EXERCISE: The pictures get dropped, while every remaining part of the listing is copied exactly.

INFORMATION SHOWN:
____

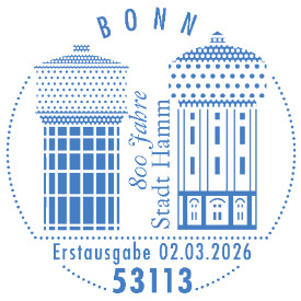 800 Jahre Stadt Hamm – mit großartigen Projekten im Rahmen von Feierlichkeiten können wir zwar noch aufwarten, aber es gibt Neuigkeiten zur Sondermarke, die am 02. März 2026 herausgegeben wird. Nach Rücksprache mit der Stadt Hamm dürfen wir sie zwar immer noch nicht auf unserer Seite zeigen, aber nach dem Hinweis, dass die Sondermarke seit einigen Tagen auf der Seite des Bundesfinanzministeriums zu sehen ist, wird gerade geklärt, ob wir sie dann doch schon auf unseren Seiten zeigen dürfen.
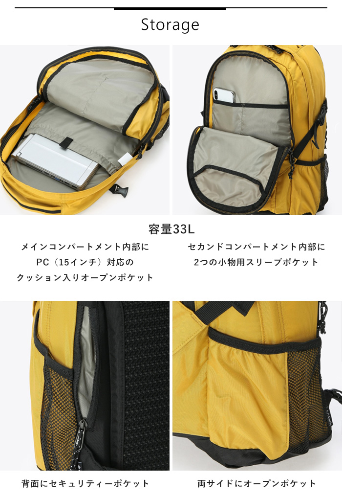| 素材 | ●010,326,464カラー:420D HD OX(ナイロン100%) x 420D Nail Head(ナイロン100%) ●015カラー:600D OX(ポリエステル100%) x 420D Nail Head(ナイロン100%) |
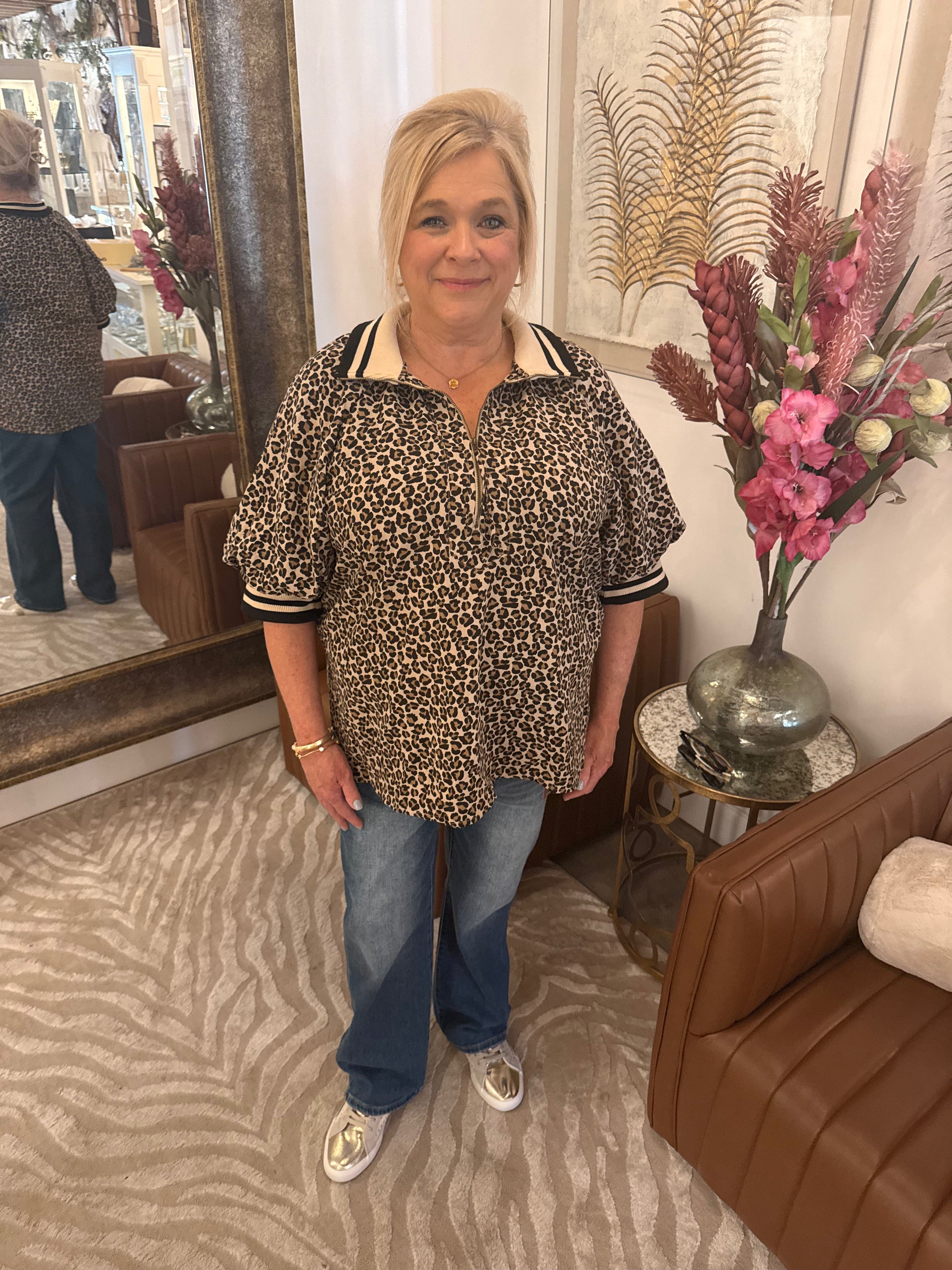 Unleash your wild side with this leopard-print top, featuring playful puff sleeves and a sporty collar. Perfect for casual outings or adding a bold touch to your everyday look.

____

OUTPUT BELOW:
 800 Jahre Stadt Hamm – mit großartigen Projekten im Rahmen von Feierlichkeiten können wir zwar noch aufwarten, aber es gibt Neuigkeiten zur Sondermarke, die am 02. März 2026 herausgegeben wird. Nach Rücksprache mit der Stadt Hamm dürfen wir sie zwar immer noch nicht auf unserer Seite zeigen, aber nach dem Hinweis, dass die Sondermarke seit einigen Tagen auf der Seite des Bundesfinanzministeriums zu sehen ist, wird gerade geklärt, ob wir sie dann doch schon auf unseren Seiten zeigen dürfen.
| 素材 | ●010,326,464カラー:420D HD OX(ナイロン100%) x 420D Nail Head(ナイロン100%) ●015カラー:600D OX(ポリエステル100%) x 420D Nail Head(ナイロン100%) |
 Unleash your wild side with this leopard-print top, featuring playful puff sleeves and a sporty collar. Perfect for casual outings or adding a bold touch to your everyday look.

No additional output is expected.